Avec les Lumières, la raison prédomine. Descartes veut créer une philosophie mathématiquement
démontrable. Or, pour les Grecs, la raison prenait deux voies: la rationalité et la sagesse (ou le
raisonnable). Le capitalisme s'appuie sur un droit rationnel, sans mystique ni tradition. Ainsi, tout
devient calculable. On réduit le bonheur au plaisir, le plaisir aux besoins matériels et le besoin à la
quantité consommée.
La rationalité uniformise les goûts pour vendre le meilleur produit, mais il ne s'agit que d'un
message publicitaire. Il n'y a pas de réflexion sur le pourquoi du meilleur.
La disparition de la religion et des traditions laisse un vide, car tout n'est pas rationnel. L'homme a
besoin de retrouver une foi, mais pas une religion.
Chapitre 2: La banalité du mal et l'économie
Les sociétés industrielles deviennent des mégamachines où l'homme n'est plus qu'un rouage.
Certaines mégamachines, comme le socialisme soviétique, se sont effondrées, mais l'économie de
marché en établit une forme plus stable, plus insidieuse. Et sans objectifs: l'homme n'est qui rouage
qui fabrique d'autres rouages.
La fin des régulations nationales représente la disparition des derniers vestiges de l'esprit
communautaire. L'économie, émancipée de toute règle, se développe pour elle-même. Le social a
été vidé de toute substance.
Les progrès techniques permettent de produire toujours plus vite. La science peut mesure des
intervalles de temps de plus en plus courts. Le rythme de la société entière s'accélère. Nous vivons
en permanence dans l'urgence.
Les prémisses de la mondialisation remontent aux XIIe-XIIIe siècles, quand les grandes foires
étaient déjà internationales. La mondialisation s'est affirmée avec la découverte des Amériques et de
la rotondité de la Terre. On est passé désormais à la vitesse supérieure. Plutôt que de
"globalisation", qui peut laisser entendre des effets positifs, il vaut mieux parler de
"marchandisation". C'est un processus de domination et d'exploitation à l'échelle planétaire.

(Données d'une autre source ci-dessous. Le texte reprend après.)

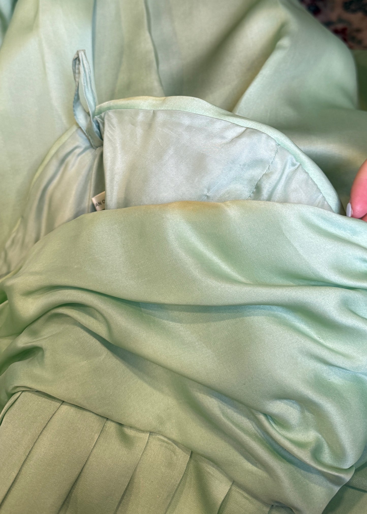 Mint green silk strapless gown
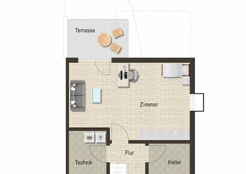 - ein großes Zimmer mit Zugang zur Terrasse
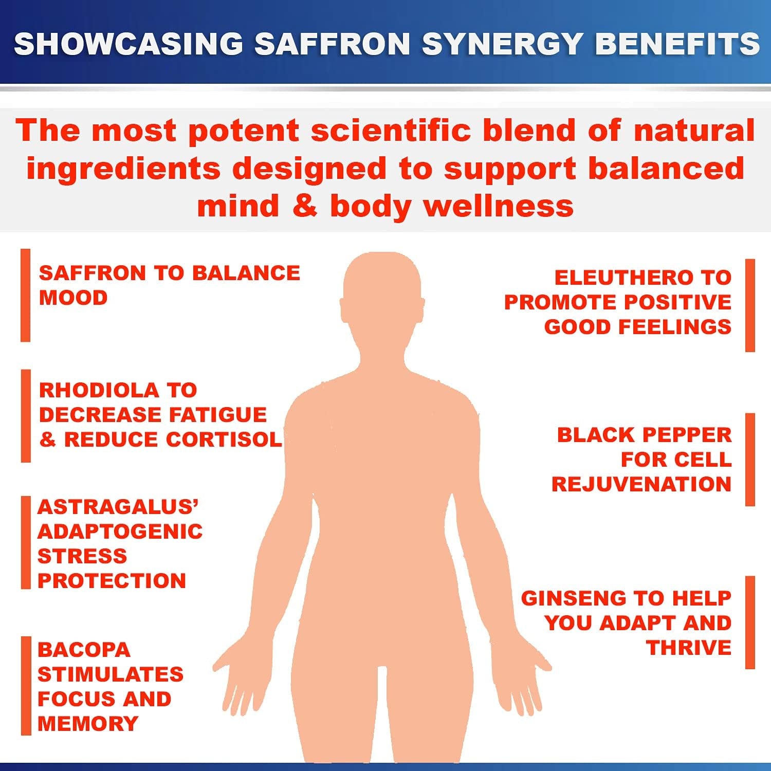 - FORTIFY and INVIGORATE not just your mind but also your body. Banish poor mood, stress and negative outlook, encourage positive mood, enhanced stamina, good sleep, mental clarity, calmer mind and body. Fortify and strengthen your body systems with a synergistic blend of adaptogen herbs. Reset body systems and balance brain substances to be resilient to stressors and life events. A stronger mind and body with Saffron Synergy
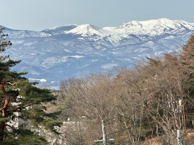 雪にすっぽりと覆われた吾妻小富士から西吾妻へと続く山々が美しい。
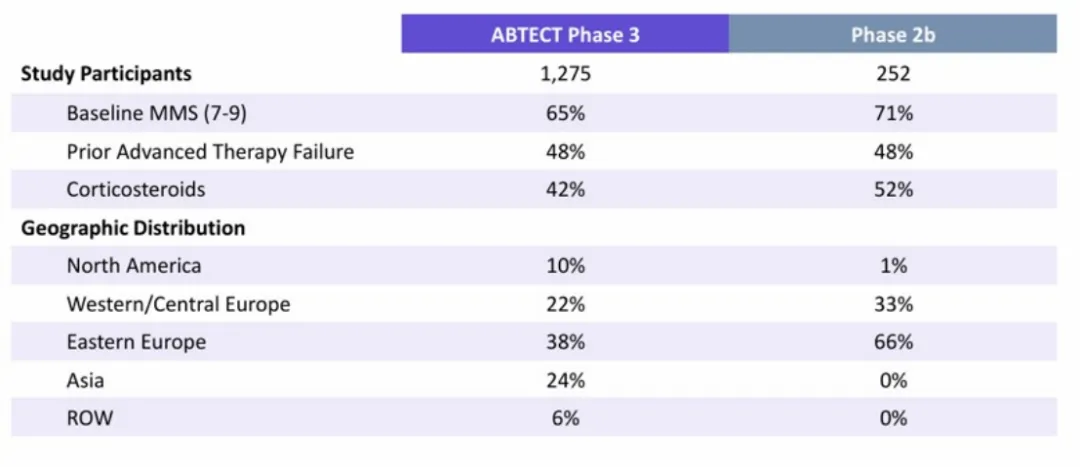 从第三阶段研究设计对比二期入组人群来看,梅奥评分在7-9分的人群比例是65%对71%,同时经两项生物制剂或先进疗法的患者比例均为48%,不过第三阶段使用皮质类固醇患者比例有所下降(42%对52%,更好管控安慰剂效应),另外三期研究还增加了人群多样性。
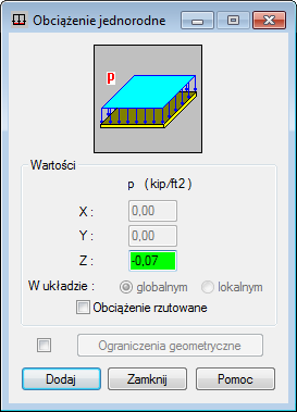 Zostanie otwarte okno dialogowe Obciążenie jednorodne.
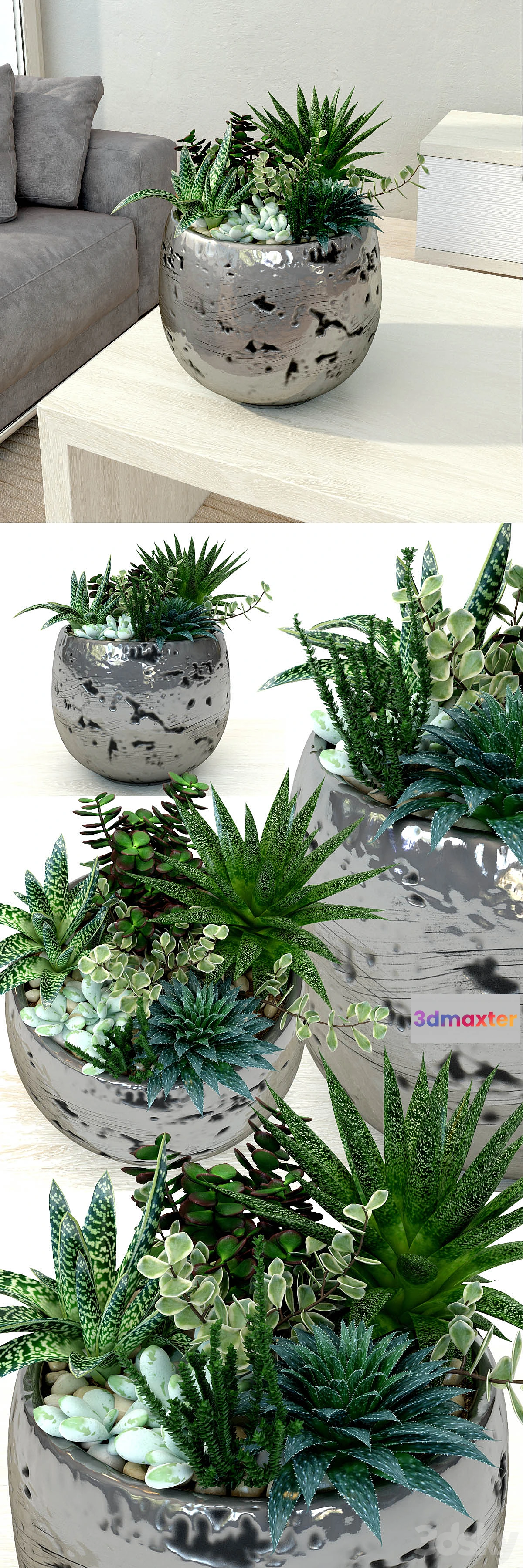 Composition of succulents plants in ceramic pots modern exclusive design. Planters will be a great addition to home office or street spaces. 3d model plant high detail – ideal for close-up! A thorough scan optimized grid. Dimensions: 550h550h430h landfills: 560000 More high quality models: http://3dsky.org/users/quetzlcoatl/models Website + various options for performances and photo in the interior: http://olinhome.com/ru_RU/галерея
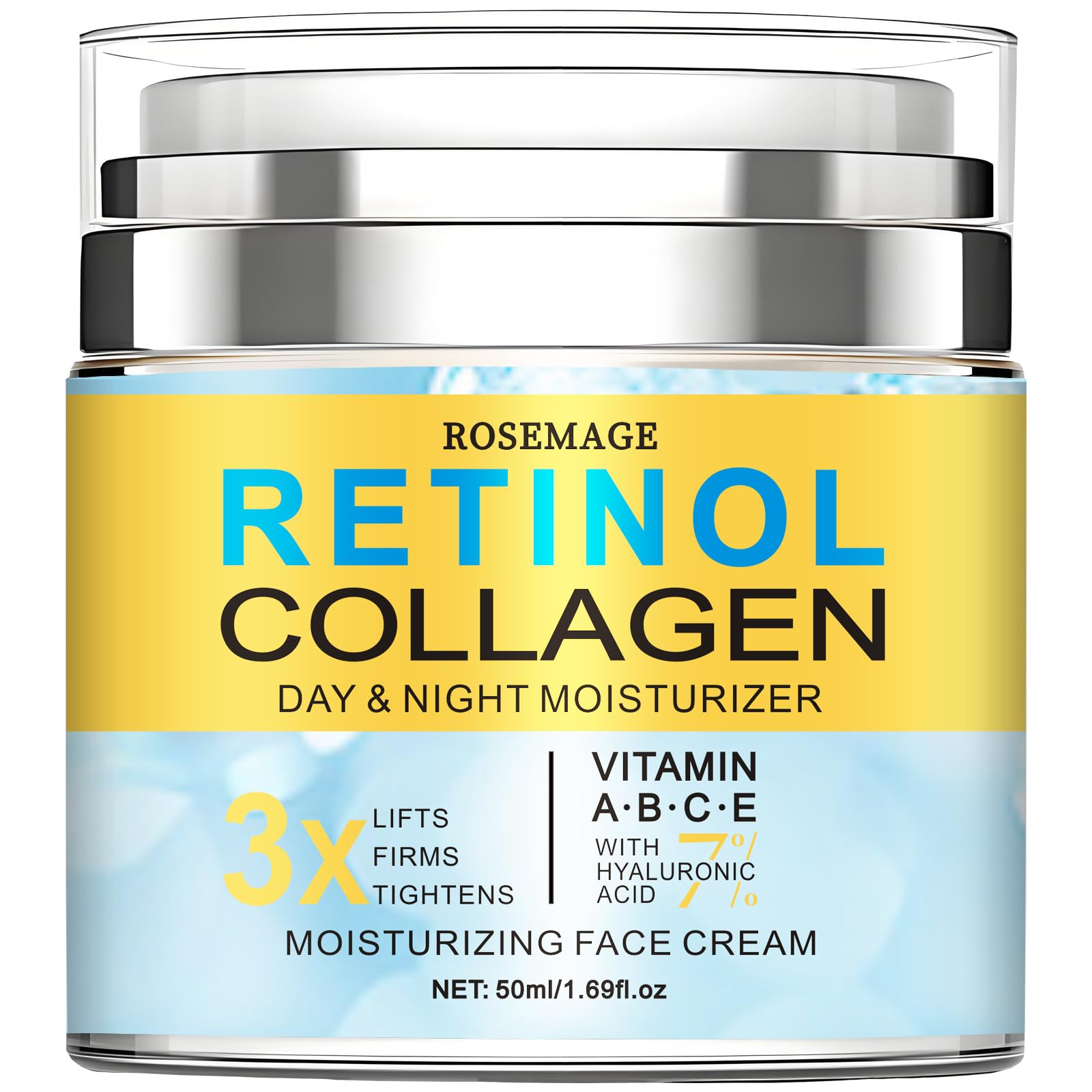 Collagen Face Cream with Retinol Hyaluronic Acid for Day Night Moisturizing Anti-aging Properties 1.69 Fl Oz
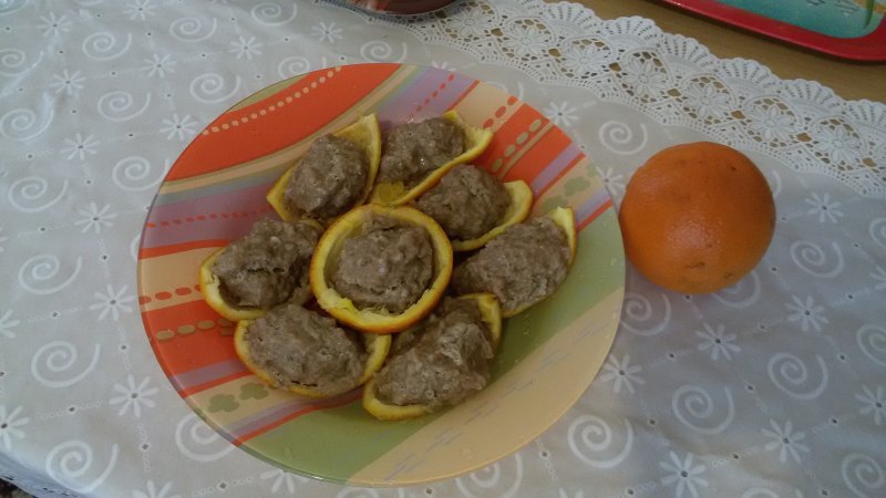 3:把蒸锅上笼屉洗净,摆放橙子皮,用小勺,把调好的肉馅放在橙皮上。
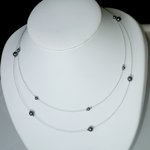 Fabriqué à la main, les bijoux sont surtout fait avec du fil câblé ou nylon, les perles sont en cristal de swarovski, verre de bohème.
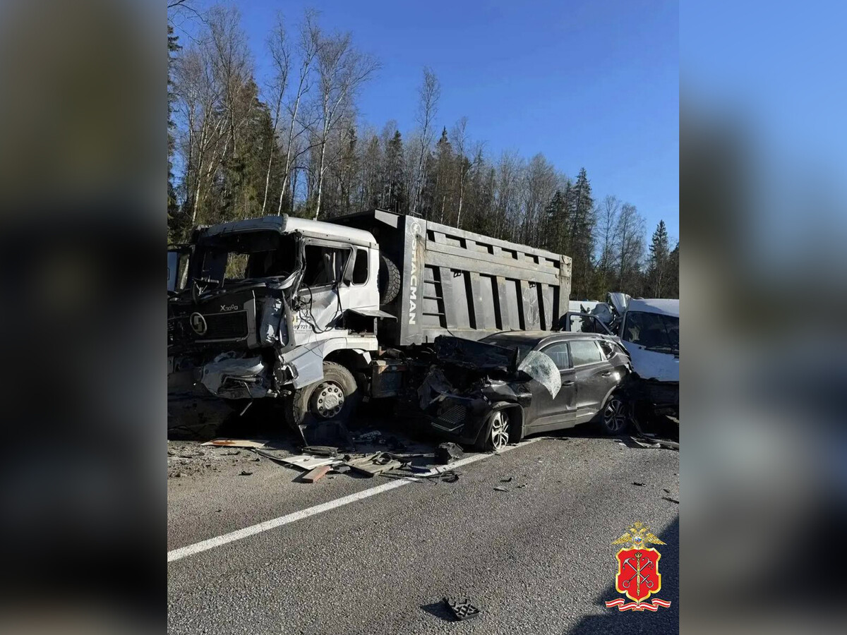 13 человек пострадали в массовом ДТП c фурами под Петербургом
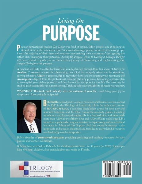 Popular motivational speaker Zig Ziglar was fond of saying, "Most people aim at nothing in life and hit it on the nose every time!" A seasoned strategic planner observed that most people invest the majority of their time and resources "maintaining their momentum" (just getting by) rather than "managing their potential." Living On Purpose - How To Develop A Strategic Plan for Life was created to guide you on the exciting journey of discovering and implementing your unique, God-given life purpose. A practical self-help tool, this book will lead you step by step through three key stages of discovery: Analyze: 7 assessment tools for discovering how God has uniquely wired you for significant accomplishment; Adjust: a gentle nudge to reconsider how you are investing your resources; and Accomplish: adapted from the professional strategic planning process, developing a precise plan to accomplish your highest potential and thus honor God's purpose for your life.The book may be studied as an individual or in a group setting.Teaching videos are available to enhance your journey. WARNING! This tool could radically alter the outcome of your life...and bring great joy in the process. Also available in Spanish.
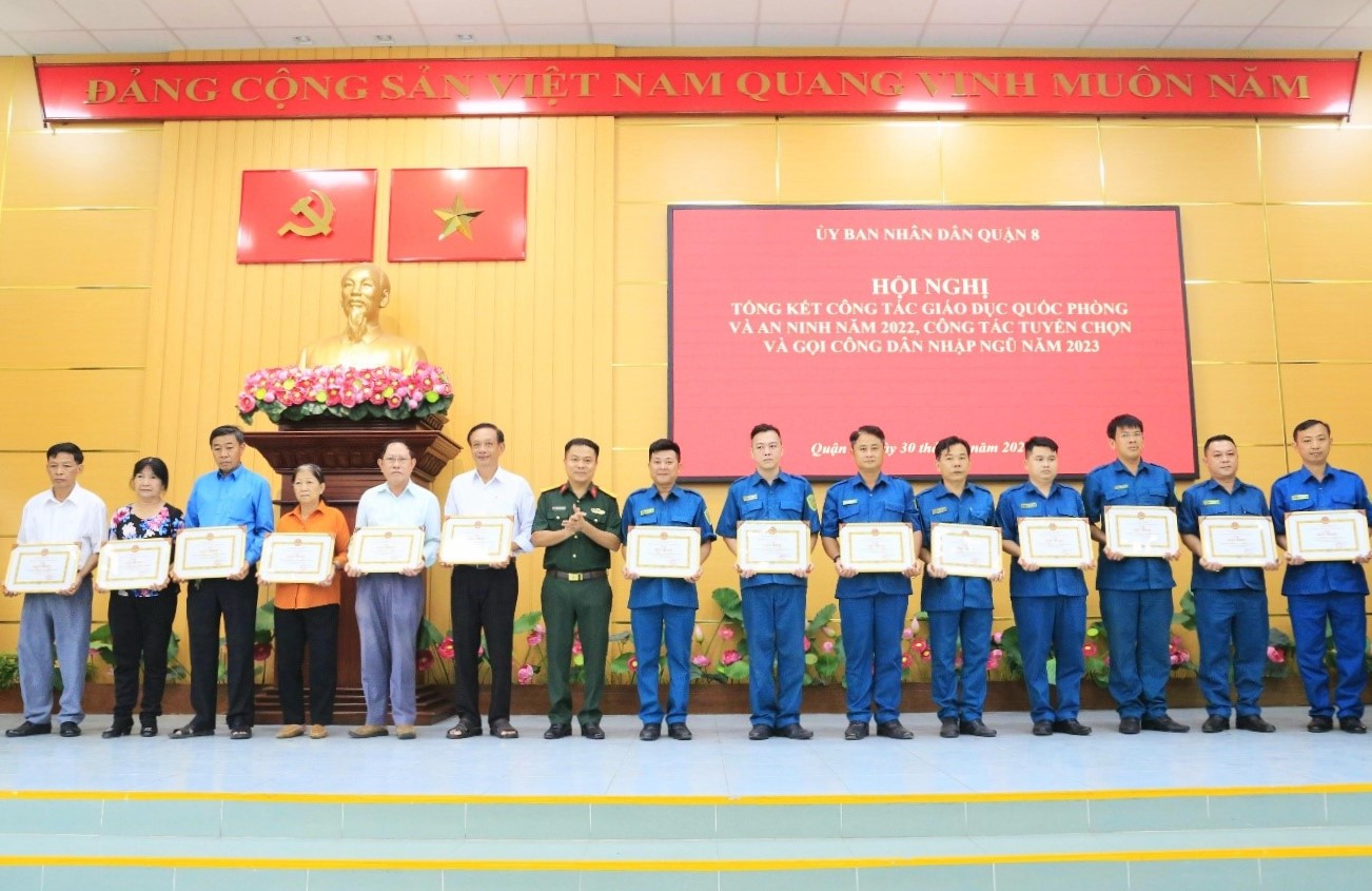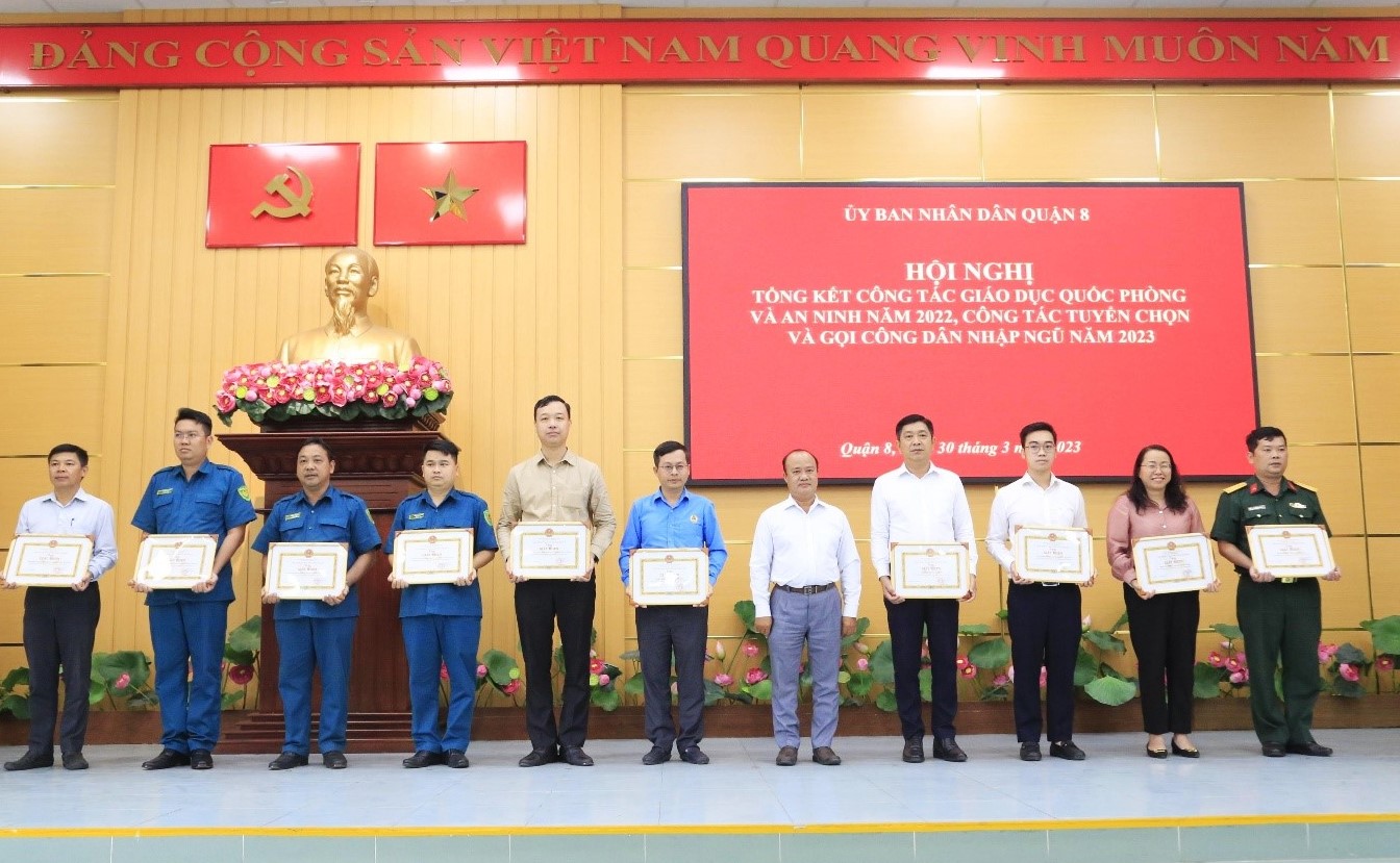UBND Quận 8 tặng giấy khen cho 11 tập thể và 13 cá nhân có thành tích tốt trong công tác giáo dục quốc phòng và an ninh năm 2022; 40 tập thể và 40 cá nhân có thành tích xuất sắc trong công tác tuyển chọn và gọi công dân nhập ngũ năm 2023.

Ses
visages sont le G8, le FMI, la Banque Mondiale, mais aussi diverses entités supranationales de
régulation (faible) et de normalisation (souhaitable pour les marchés globaux). Dans l'inconscient
collectif, alimenté par les discours politiques, le phénomène est généralement considéré comme
inéluctable.
La finance prédomine. Les états-nations se sont ruinés en titrisant leur dette. D'un bout à l'autre du
globe, les marchés financiers ne dorment jamais. Les sommes échangées quotidiennement sur ces
marchés sont très largement supérieures à la valeur globale de l'économie réelle. Le risque de bulle
spéculative (donc d'éclatement de cette dernière et de crise) est permanent.
On nous fait croire que la liberté est celle des marchés, que le bonheur vient de pouvoir tout vendre
et tout acheter.
Il ne s'agit pas de prôner le retour à l'âge de la pierre. Certaines avancées technologiques actuelles
n'ont rien à envier aux révolutions que furent le feu ou la roue. Par contre, ces technologies sont
maintenant développées par des entreprises dont le seul but est le profit, ou par des bureaucraties
qui ne recherchent qu'une efficacité sans âme.
Chapitre 3: L'hydre du développement
Le développement est avant tout celui de l'Occident. Il est centré sur l'économie. Il charrie les
valeurs de progrès, d'universalisme et de rationalisme. Le reste du monde a été converti par la
colonisation ou par le marketing.
La voie royale pour parvenir aux délices de l'Occident est l'industrialisation. Cette dernière détruit
les forces économiques antérieures, entraînant avec elles les croyances et les mythes fondateurs. Ne
reste plus qu'à remplir ce vide avec le crédo consumériste occidental. La plupart des tentatives
d'industrialisation échouent. On ne devient pas une société technicienne du jour au lendemain.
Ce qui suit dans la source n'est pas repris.